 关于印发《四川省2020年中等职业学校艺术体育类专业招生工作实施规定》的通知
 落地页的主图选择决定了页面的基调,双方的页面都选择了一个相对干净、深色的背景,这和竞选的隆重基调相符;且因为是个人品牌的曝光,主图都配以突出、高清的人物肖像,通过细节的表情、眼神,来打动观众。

===

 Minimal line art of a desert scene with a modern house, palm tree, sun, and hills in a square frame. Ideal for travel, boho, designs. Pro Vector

===

- _EXERCISE PROMPT_: Using the listing above, return word for word each line from the one that has "关于印发《四川省2020年中等职业学校艺术体育类专业招生工作实施规定》的通知" through the one that has "落地页的主图选择决定了页面的", and no line outside that range.

- _OUTPUT FOR THIS EXERCISE_:
 关于印发《四川省2020年中等职业学校艺术体育类专业招生工作实施规定》的通知
 落地页的主图选择决定了页面的基调,双方的页面都选择了一个相对干净、深色的背景,这和竞选的隆重基调相符;且因为是个人品牌的曝光,主图都配以突出、高清的人物肖像,通过细节的表情、眼神,来打动观众。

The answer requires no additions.